Figure 1 illustrates a photovoltaic solar panel 1.

This photovoltaic panel 1 has a quadrangular shape, square or rectangular known per se, and it is provided with a peripheral frame 2 junction shapes and dimensions adapted to those of the panel 1 around which it is mounted. Each of the four sides 2A, 2B, 2C, 2D of the frame 2 comprises two opposite faces, ie an upper face 5 and a lower face 6.

Preferably, as can be seen in FIGS. 1, 2a, 2b, grooves 3 and longitudinal grooves 4 are provided in the upper faces 5 of two perpendicular sides of the frame 2, for example 2A and 2A, and in the lower faces 6 of the two other perpendicular sides 2C and 2D of said frame 2

As illustrated in FIG. 4, each face 5 or 6 of the peripheral frame 2 thus comprises a plurality of grooves 3 and grooves 4, so that when panels 1 are assembled on a roof T, the grooves 3 and grooves 4 of the upper face 5 of the sides 2A and 2B of the frame 2 of a panel 1, interpenetrate with the grooves 3 and grooves 4 of the lower face 6 of the sides 2C and 2D underlying the frame 2 of the adjacent panels, thereby constituting so many barriers to runoff or runoff of rainwater or water traps.
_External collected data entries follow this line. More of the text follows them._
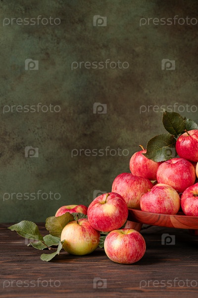 Фон с собранными красными яблоками. Крупный план кучи красных яблок
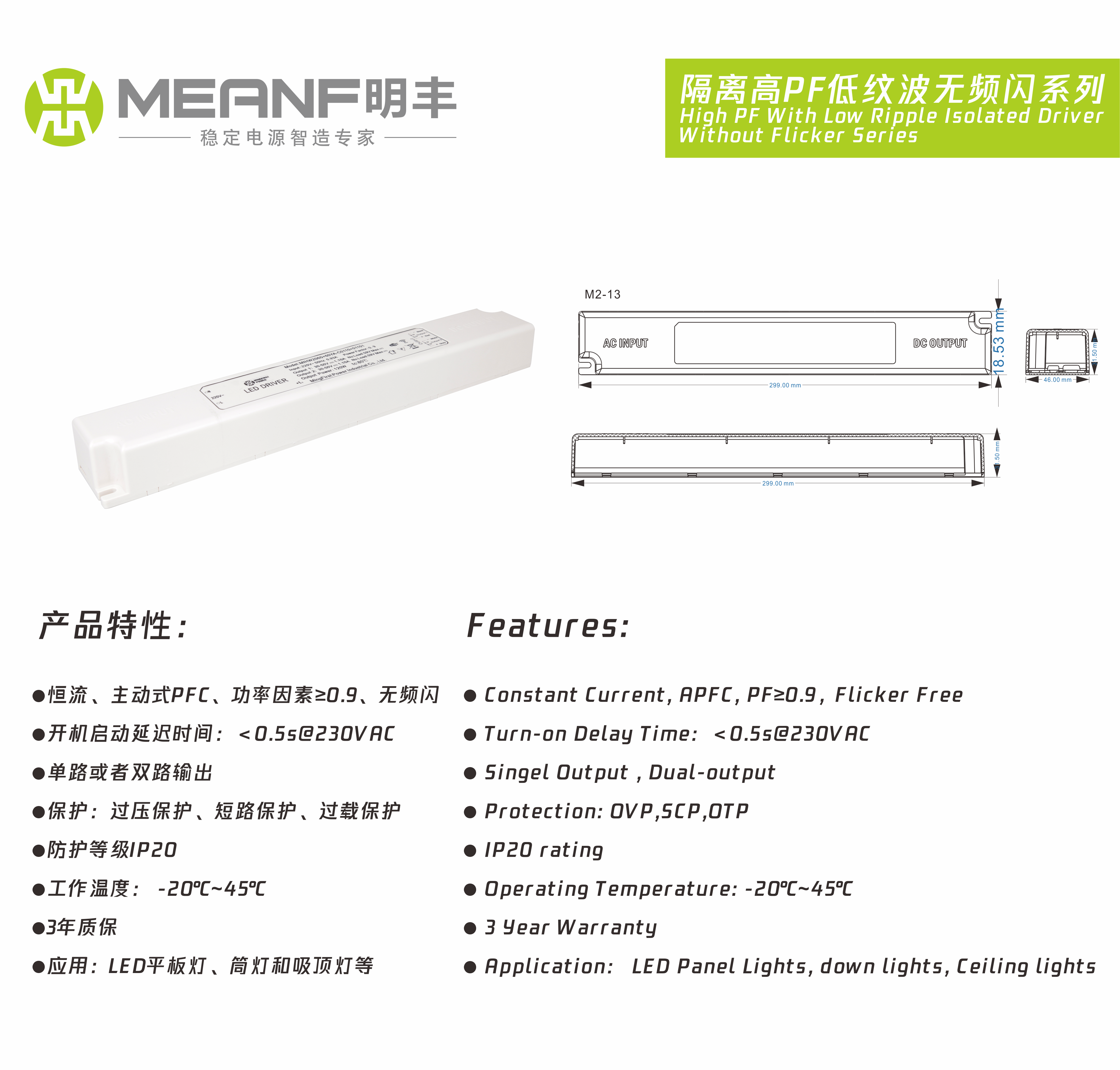 | 25-36W | MIHN2036YB-CXXXX1 | 220-240VAC | 0.9 | 20-32V | 750-1100 | 87% | 140*46*29 | TUV/SAA/CB/CCC |
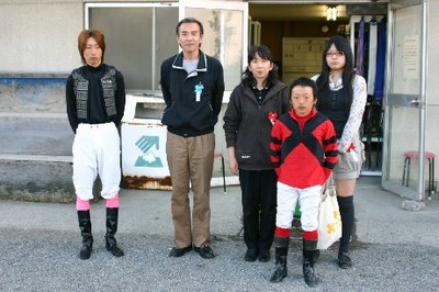 第8回 実況放送室・検量室観戦ツアー 2008.06.25 6月25日、旭川競馬場において、「第8回 実況放送室・検量室観戦ツアー」 が行われ、旭川市と札幌市のファン3名が見学しました。 3名は実況放送室で古川アナウンサーと競馬ブックの高倉記者が担当した第8 レースのパドック解説を見学、その後、検量室では伊藤千尋騎手、黒澤愛斗騎手 と記念撮影し、サインをもらいました。 写真 上:実況放送室で記念撮影 下:伊藤千尋騎手、黒澤愛斗騎手と記念撮影
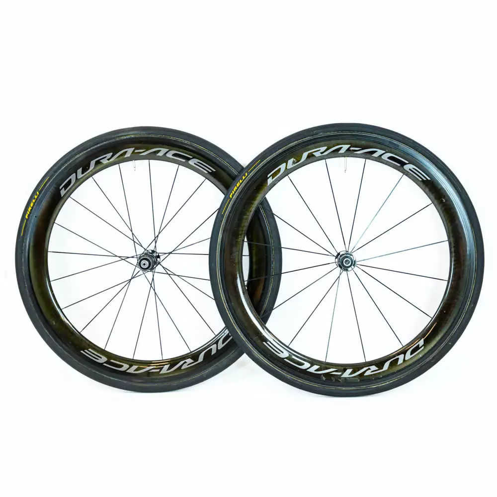 Shimano Dura-Ace C60 R9100 tubular carbon wheelset for rim brakes.
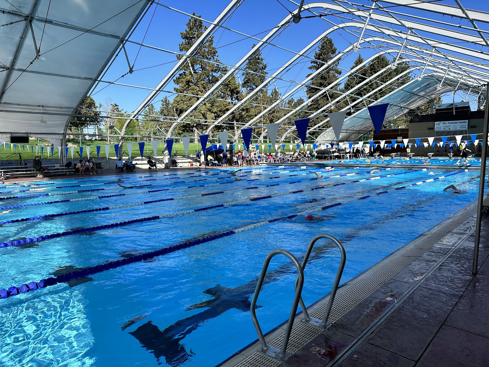 Update: It can be tough to get a lane here, as the pool is usually set up/scheduled for the needs of the Bend Swim Club, which means reduced lane availability during peak times. I get it, they need the space to practice, but for a $9 entrance fee (with no discounts for locals), it's tough to not feel a little disgruntled. -- This place is great. The women's locker room is always clean, the pools are beautiful, and the fitness center has a good variety of equipment. Some of the facilities and equipment are showing their age, but staff do a good job of keeping it up.
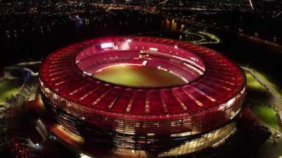Eine Lichtshow mit mehr als 15,000 LEDs am Perth-Stadion in Perth, Australien.
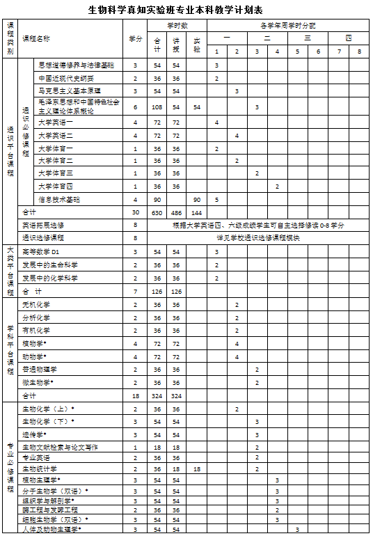 生物科学真知实验班专业本科培养方案
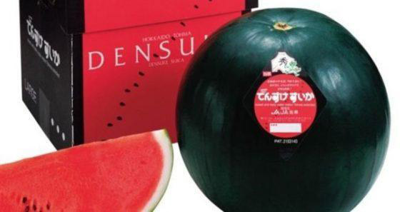 4. البطيخ الدينسوكي: تم بيع أندر نوع من البطيخ في المزاد العلني في اليابان بسعر قياسي 6100 دولار لأن هذا البطيخ ليس عادياً وتتميز قشرته بأنها سوداء اللون.

In another embodiment of the invention, illustrated in FIGS. 3a and 3b, two types of photovoltaic solar panels 1A, 1B can be provided, namely, a first type of solar panel 1A equipped with a frame 2 'of which the upper faces 5 of the four sides 2A, 2B, 2C, 2D, are provided with a plurality of grooves 3 and grooves 4, while a second type of panel 1B has grooves 3 and grooves 4 on each of the lower faces. 6 of each of the sides 2A, 2B, 2C, 2D of a frame 2 "This configuration allows the assembly of the frame 2 ', a panel 1A of the first type with the frame 2" of at least a panel 1B of the second type.

Of course, each panel 1A, 1B of one of the aforementioned types can be assembled to two or three or four solar panels 1B, 1A adjacent to the other other type.

According to another possible embodiment, the opposite faces 5, 6 of each side 2A, 2B, 2C, 2D of the frame 2 are provided with a plurality of grooves 3 and longitudinal grooves 4 shaped to allow its assembly with a side 2A, 2B, 2C, 2D identical to an adjoining frame 2.

As illustrated in FIGS. 4 to 7, the frame 2 makes it possible to ensure a mechanical connection between the photovoltaic solar panels 1, a seal between the latter, and simultaneously to prevent the infiltration of water between the assembled panels 1.

According to an important characteristic arrangement illustrated in FIG. 5, two opposite sides 2A, 2C or 2B, 2D of the frame 2, have an inclination with respect to the surface of the photovoltaic solar panel 1. More precisely, for example, a first side 2A has an inclination of the order of + 5 ° with respect to the surface of the photovoltaic solar panel 1, while the opposite side, for example 2C, is inclined at -5 ° with respect to the surface of the panel 1. However, only one side 2A or 2B or 2C or 2D or more sides 2A, 2B, 2C, 2D of the frame 2 can be inclined with respect to the surface of said panel 1.

The angle of inclination can vary and be between - 15 ° minimum and + 15 ° maximum. This arrangement makes it possible to facilitate the self-cleaning phenomenon of photovoltaic panels 1 recommended by the regulations in force and thus to favor the flow of rainwater on the surface of the panels 1.

According to another characteristic arrangement, each side 2A, 2B, 2C, 2D of the frame 2 has a length identical to the length of the sides of the photovoltaic solar panel 1 themselves on which they are fixed. The frames 2 thus have four re-entrant angles 7, as illustrated in FIGS. 2a and 2b. When joining, for example, four solar panels 1, the reentrant angles 7 of each vertex of a panel 1 form an opening 8 (see Figure 8) intended to allow the passage of fasteners 9 described below.

The frame 2 may consist of a metallic, composite or plastic material.

Advantageously, the sides 2A, 2B, 2C, 2D of the frame 2 may have a width of between 40 mm and 100 mm. The grooved and grooved surfaces 5, 6 of the sides 2A, 2B, 2C, 2D comprise, for example, a number of grooves 3 and grooves 4 of between three and ten. Of course, the number of

10 grooves 3 and grooves 4 may vary depending on the width of the sides 2A, 2B, 2C, 2D of the frame 2.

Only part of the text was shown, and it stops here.